Psychanalyse : outil de libération ou instrument pervers de la bourgeoisie ? (par Michel Tort)

mercredi 29 juin 2016.
 

La psychanalyse, après avoir été donnée pendant des décennies comme l’exemple d’un combat pour les Lumières, est la cible d’attaques en règle. Certains ont vu en elle un outil de libération psychique et sexuelle. Ses bienfaits lui conféreraient une portée révolutionnaire. D’autres l’ont accusée d’être un instrument pervers de la bourgeoisie détournant les masses du bon chemin.

Le succès de la diffusion de la psychanalyse, qui s’est effectué par vagues successives, repose incontestablement sur la capacité des premières avancées de la psychanalyse à éclairer la psychopathologie névrotique et quotidienne, la vie amoureuse (le névrosé, c’est l’homme normal). Elle analyse la religion comme une pathologie psychique, obsessionnelle ou psychotique. Elle jette les bases d’une analyse des mécanismes d’assujettissement de masse. Crises et critiques sont liées à l’idée utopique que ces avancées à grands pas devraient déboucher sur un développement harmonieux et sans difficultés de la pratique et des effets sociaux de la psychanalyse. Ce qui revient à ignorer les difficultés normales de la pratique psychanalytique et leur rôle dans l’invention psychanalytique. La psychanalyse n’est pas une Bonne Parole moderne  : c’est un artisanat prosaïque du psychisme. Les psychanalystes ne sont pas innocents dans la confection de l’illusion qui dénie ce statut modeste. La définition de la psychanalyse comme cause par Freud, reconduite et exacerbée par le lacanisme, a eu des effets néfastes.
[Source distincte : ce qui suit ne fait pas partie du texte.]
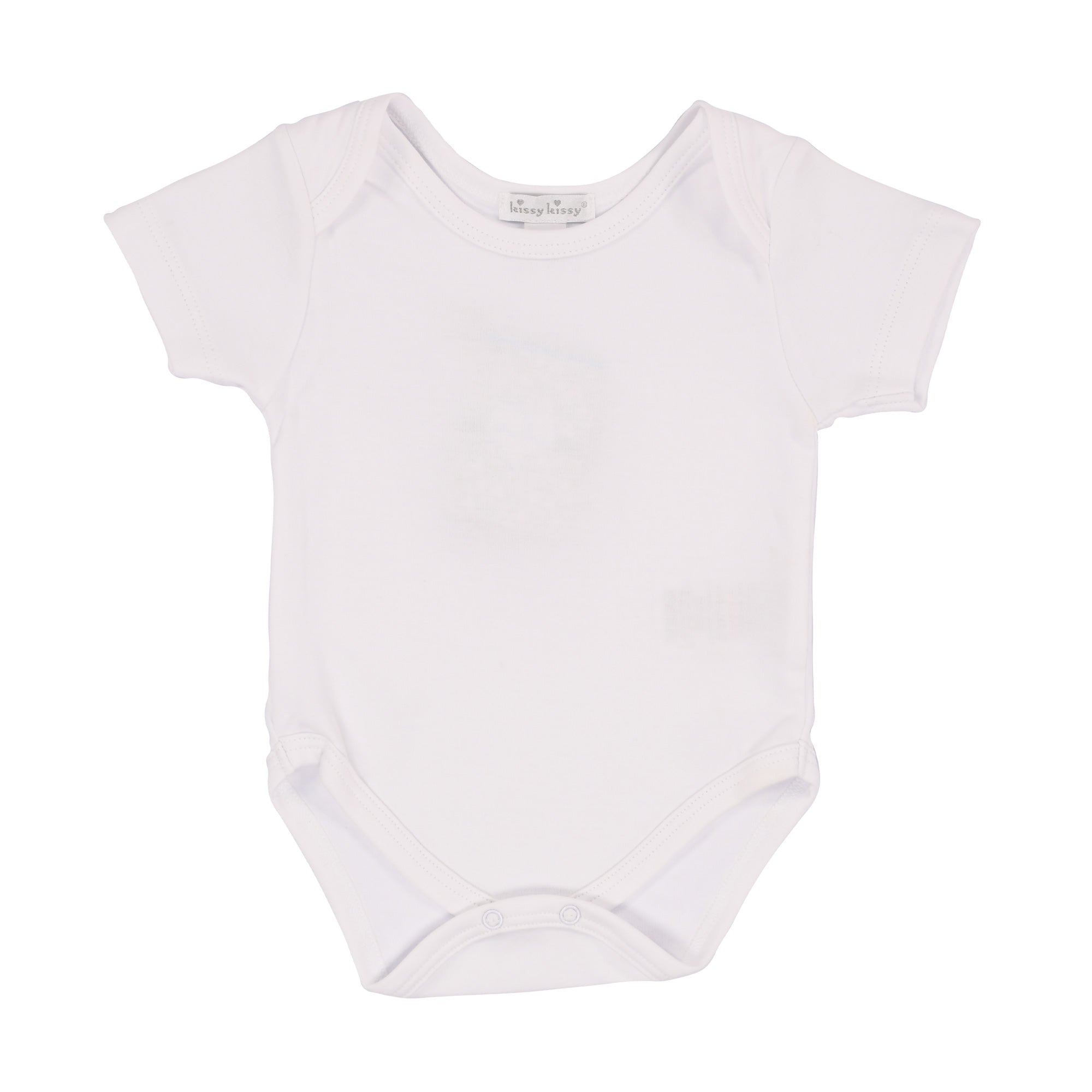 This classic white bodysuit by Kissy Kissy is perfect for newborns. It's easy to put on and take off, thanks to the popper fastening on the bottom of the bodysuit.The fabric used is of the highest quality, ensuring a comfortable feel against your baby's skin. It has a round neck and short sleeves, both of which are designed to keep your baby warm and cozy.It can be matched with other items in the Kissy Kissy baby collection or used as a simple but elegant addition to any outfit.This bodysuit is sure to be a timeless wardrobe staple for all newborn babies. SPECIFICATIONS

La relance d’un nouveau mouvement de la psychanalyse s’est opérée en ranimant via Marcuse les alliances de la psychanalyse avec le mouvement politique. Elle s’est inscrite dans un libéralisme contestataire qui traverse les mouvements des années 1960, à la fois contre la normalisation psychique inhérente à la version américaine de la psychanalyse et contre la désubjectivation et la désexualisation exigées impitoyablement par les partis communistes à titre de sacrifices de l’individu et de la pensée à la révolution. Mais la transformation par Lacan de la psychanalyse en construction philosophique pseudo-mathématique, enveloppant dans ses nuées une pratique plus qu’approximative quand elle n’est pas arbitraire, voire délinquante, a entouré « la psychanalyse » d’une aura sulfureuse. Une spéculation fumeuse qui n’a rien de psychanalytique éclipse la clinique ou prétend la faire sortir de l’incantation de la doctrine.
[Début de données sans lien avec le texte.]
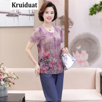 Kruidvat夏季真丝T恤+七分裤套装两件套妈妈079

Dans les années 1980, deux données achèvent de déclencher les attaques contre la psychanalyse. D’une part le développement obstiné de la psychanalyse est apparu aux psychologues et philosophes cognitivistes, qui représentent ses relais dans la pensée néolibérale, à la fois comme une pratique à coloniser et comme une entreprise concurrente sur un marché de l’exploitation psychique, qu’ils estiment devoir leur revenir de droit, au nom de la « scientificité » de leur discipline, dont la vocation clinique avait pourtant échappé à tout le monde jusque-là. D’autre part, la participation de psychanalystes aux débats de société a largement consisté, en France, à défendre, au nom de leur expertise arrogante sur « l’inconscient du social », les normes traditionnelles en matière de famille, de filiation, de sexualité et de genre, tout ceci au nom de « l’ordre symbolique » (entendez la législation du droit canon revue sans être corrigée). Qu’il s’agisse du Pacs, de la parité, de l’égalité, etc., un incroyable sottisier « psychanalytique », dont rien n’indique qu’il soit clos, s’est déversé en toute obscénité dans le débat public.

Dégager la psychanalyse à la fois de la Bonne Parole et des conceptions normatives historiques reconnues comme telles, paraît la condition pour un nouveau développement de la psychanalyse.

Par Michel Tort, psychanalyste et philosophe.

Michel Tort est notamment l’auteur de  : la Fin du dogme paternel. Éditions Flammarion, 2007.